Darin beschreiben Gazzaniga et al. (1978) auch Forschungsergebnisse die in Zusammenarbeit mit einem fünfzehnjährigen Jungen Namens Paul gewonnen wurden. Abgesehen von seinen voneinander getrennten Gehirnhälften weist er die Besonderheit auf, dass seine beiden Gehirnhälften unabhängig voneinander Sprache erzeugen und verstehen können. Man kann also mit beiden Gehirnhälften getrennt sprechen. Diese konkrete Eigenschaft besitzt nur ein kleiner Prozentsatz der Menschen (Maturana et al. 2012, S. 248).
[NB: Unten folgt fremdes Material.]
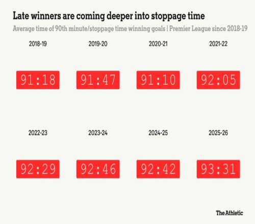 這一變化將決定性的時刻推得更晚。本賽季補時進球的平均時間出現(xiàn)在第93分31秒,這是過去八個英超賽季中最晚的一次。
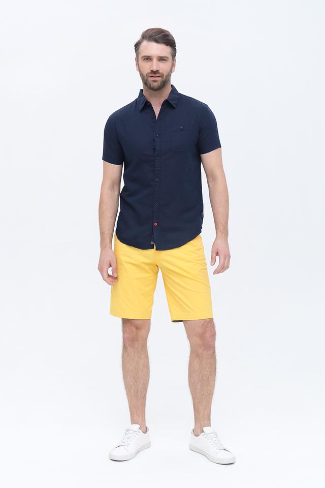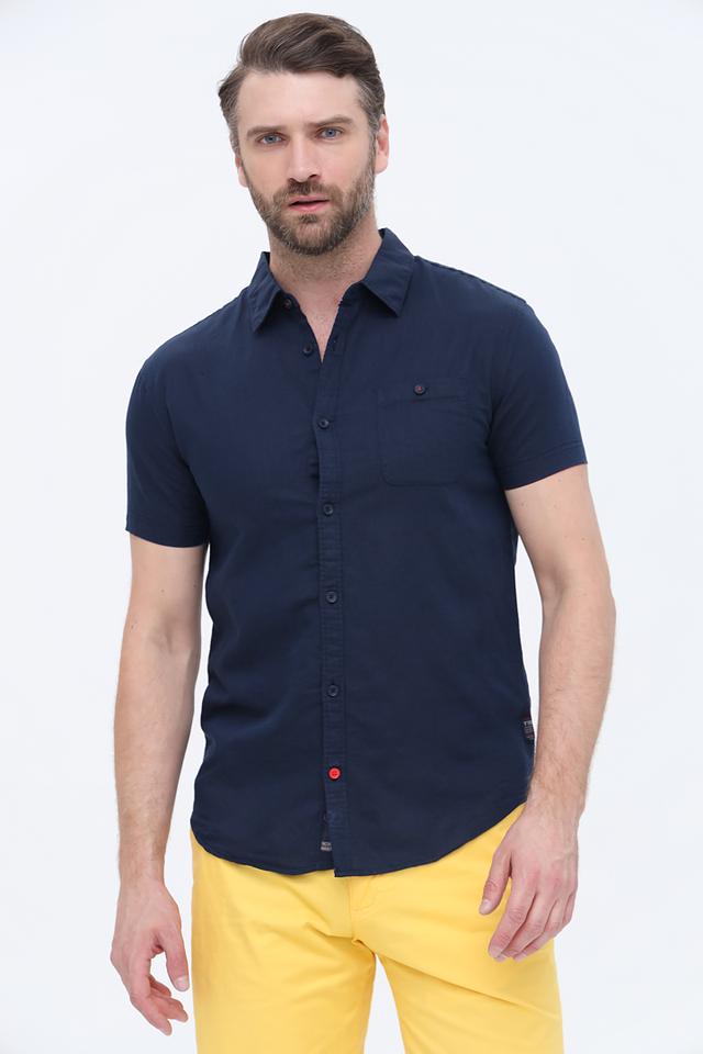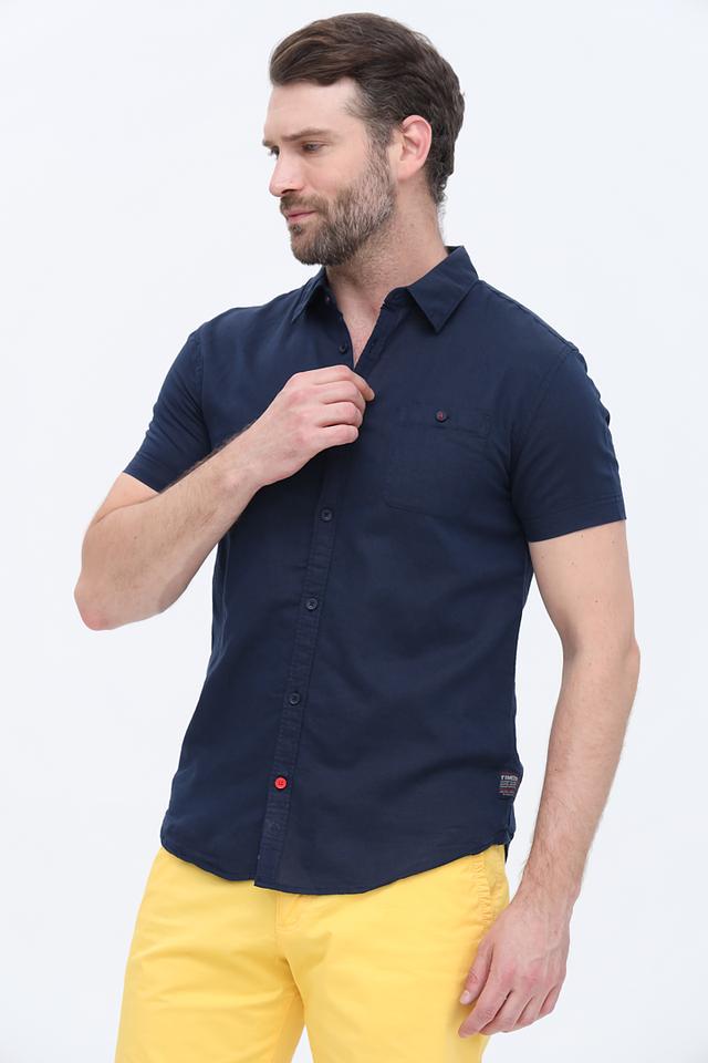 Мужская рубашка Time Zone синего цвета с коротким рукавом – это стильное и комфортное решение для повседневной носки. Изготовлена из натурального смесового материала, обеспечивающего воздухопроницаемость и приятные ощущения на коже. Состав: лен 55%, хлопок 45%

Mittels demselben Versuchsaufbau (wie oben erläutert) wurden Paul auch Fragen gestellt: Eine davon lautete „Welcher Tag ist morgen?“. Worauf beide Gehirnhälften dieselbe Antwort formulierten: „Sonntag“.

Auch wurde beiden Hemisphären des Gehirns die Frage gestellt: „Was willst du einmal werden, wenn du älter bist?“. Die Antworten unterschieden sich hier jedoch. Die linke Hemisphäre antwortete, ein

Rennfahrer werden zu wollen. Von der rechten Hemisphäre kam die Antwort, Designer werden zu wollen (Gazzaniga et al. 1978, S. 143). Der Versuch zeigt, dass das menschliche Gehirn prinzipiell zu voneinander unabhängigen Beobachtungen bzw. Verhaltensweisen fähig ist (jedoch im Normalfall nur von der linken Hemisphäre des Gehirns formuliert werden kann). Diese sind (in einem trivialen Sinn)
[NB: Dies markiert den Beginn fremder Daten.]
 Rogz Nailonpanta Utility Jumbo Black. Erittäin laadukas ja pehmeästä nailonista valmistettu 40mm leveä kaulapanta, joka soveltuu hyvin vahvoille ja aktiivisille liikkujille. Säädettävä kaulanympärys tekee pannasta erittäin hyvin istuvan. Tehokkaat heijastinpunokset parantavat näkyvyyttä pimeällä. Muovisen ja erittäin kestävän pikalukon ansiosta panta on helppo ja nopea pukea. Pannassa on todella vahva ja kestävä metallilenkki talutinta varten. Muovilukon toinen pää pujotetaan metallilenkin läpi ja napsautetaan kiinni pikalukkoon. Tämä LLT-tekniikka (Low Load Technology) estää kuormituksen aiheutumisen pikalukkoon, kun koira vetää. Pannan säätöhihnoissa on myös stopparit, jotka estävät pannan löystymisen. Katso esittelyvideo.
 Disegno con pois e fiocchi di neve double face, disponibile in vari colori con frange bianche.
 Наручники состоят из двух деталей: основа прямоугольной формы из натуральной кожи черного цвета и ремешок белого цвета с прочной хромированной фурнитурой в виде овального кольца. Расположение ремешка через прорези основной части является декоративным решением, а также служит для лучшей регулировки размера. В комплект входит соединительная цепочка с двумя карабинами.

Vergangenheitsabhängig und Ergebnis der Interaktion mit der (Um)welt (und im Normalfall bei der linken Hemisphäre des Gehirns, Ergebnis der Sozialisation durch „Lernen I und II“) des Menschen.
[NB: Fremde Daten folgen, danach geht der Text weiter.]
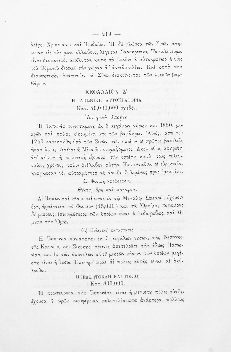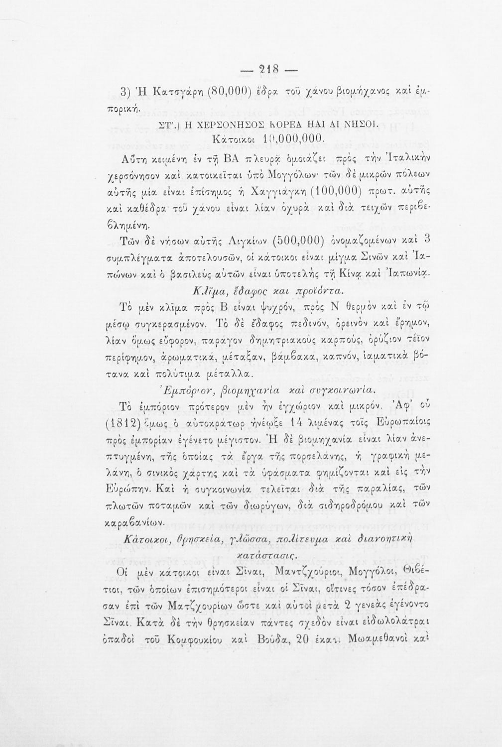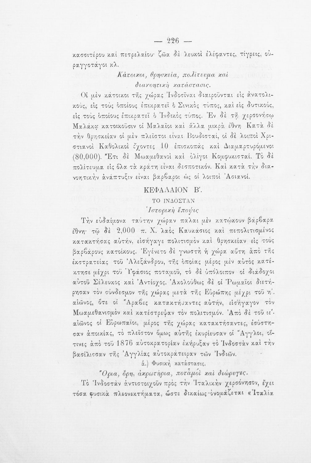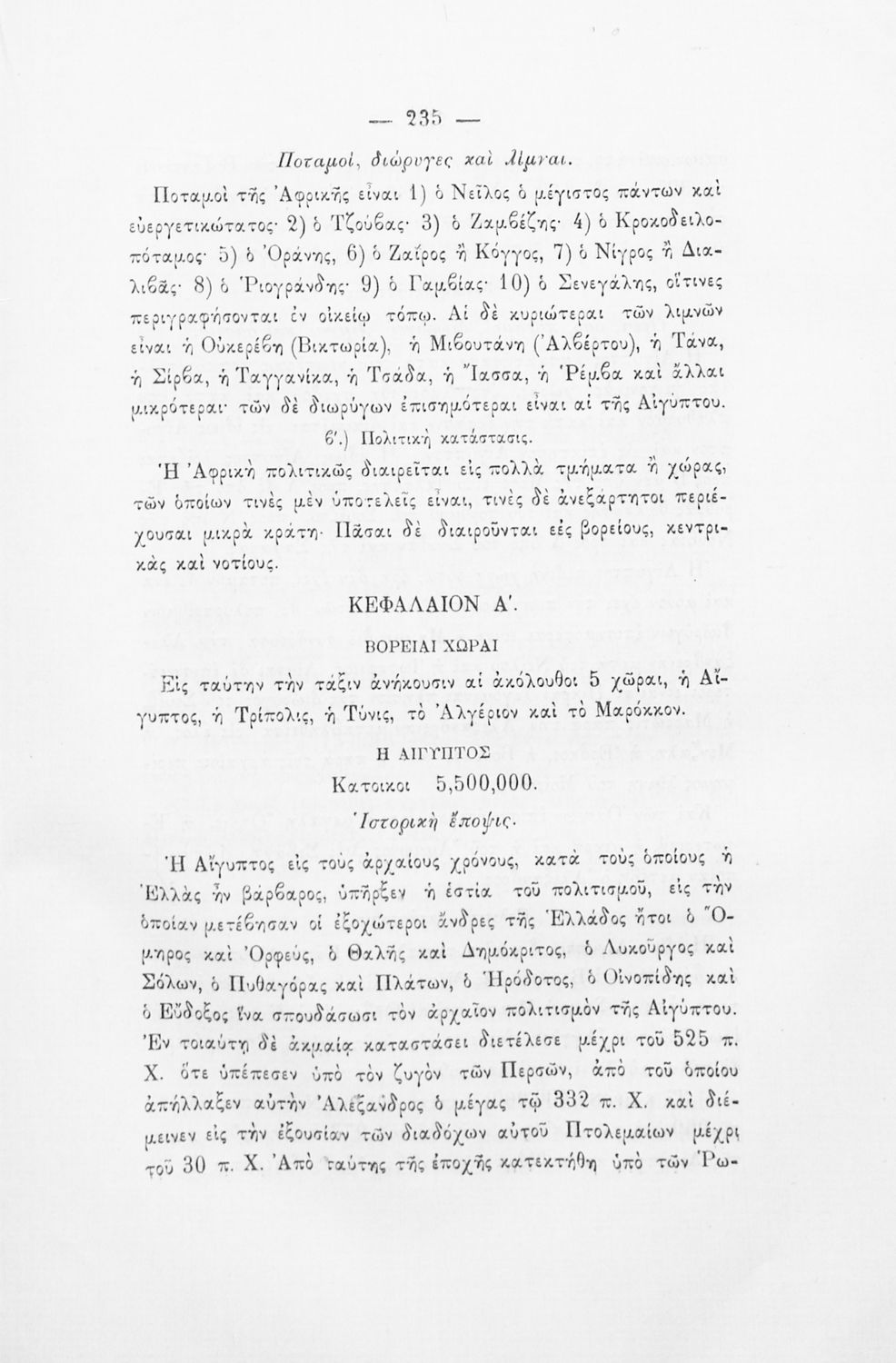 Σχολικό εγχειρίδιο Γεωγραφίας για τα Ελληνικά Σχολεία και Παρθεναγωγεία που περιλαμβάνει εισαγωγή στην φυσική γεωγραφία και γεωλογία, και μια γενική επισκόπηση της πολιτικής, οικονομικής και φυσικής γεωγραφίας

Um herauszufinden, auf welche Weise die Vergangenheit einen Zusammenhang mit der Sprache aufweist, wurden mit Paul weitere Versuche gemacht. Zunächst wurde dessen rechte Gehirnhälfte aufgefordert zu lachen und seine linke Gehirnhälfte im Anschluss gefragt, warum er denn gelacht habe. Von ihr kam die Antwort: „Oh you guys are really something“ (Ebd.). In einem anderen Fall wurde Pauls rechte Gehirnhälfte der Befehl gegeben, sich zu kratzen. Paul kratzte sich. Wieder wurde Paul über die linke Gehirnhälfte gefragt, warum er das getan habe. Ihn hatte es „gejuckt“, so seine Antwort. Was ist hier passiert? Als Paul

„was asked, »Why are you doing that?« his talking left hemisphere was faced with the cognitive problem of explaining a discrete overt movement of great clarity carried out for reasons truly unknown to it“ (Ebd., S.

146).

Pauls Antworten zeigen, dass der Mensch zu einer Erklärung für eine Beobachtung gelangen kann, ohne dass diese in einem „wirklichen“ Zusammenhang mit einem aktuellen Reiz steht. Sie ist vielmehr das Ergebnis von Erfahrung in der Vergangenheit, die einem vergangenen Kontext entsprechend, trivial zu einer Antwort führt:

„Im sprachlichen Bereich von Paul kann es keine Inkohärenz geben. Wenn er deshalb aufgefordert wird, etwas, das sich in diesem Bereich ereignet, zu reflektieren, muss er mit

einem Ausdruck dieser Kohärenz antworten: »Weil sie so komische Typen sind« oder »Weil es mich juckt«. In seiner Geschichte werden Identität und Anpassung erhalten“ (Maturana et al.

2012, S. 250).

In diesem Sinne kann das von Bateson (1994) geschilderte Problem näher betrachtet werden, wonach

„Lernen III“ gefährlich sei bzw. zu Psychosen führen könne. Dies kann dann der Fall sein, wenn es dem Mensch nicht gelingt ein „Ich“ in „Lernen I und II“ auszubilden, welches fähig ist,

· der in „Lernen III“ entstandenen Selbstverständlichkeit zu entsprechen

· bzw. diese in einer funktionierenden Sprache (wo zugleich Identität und Anpassung aufrechterhalten werden) zur Anwendung zu bringen.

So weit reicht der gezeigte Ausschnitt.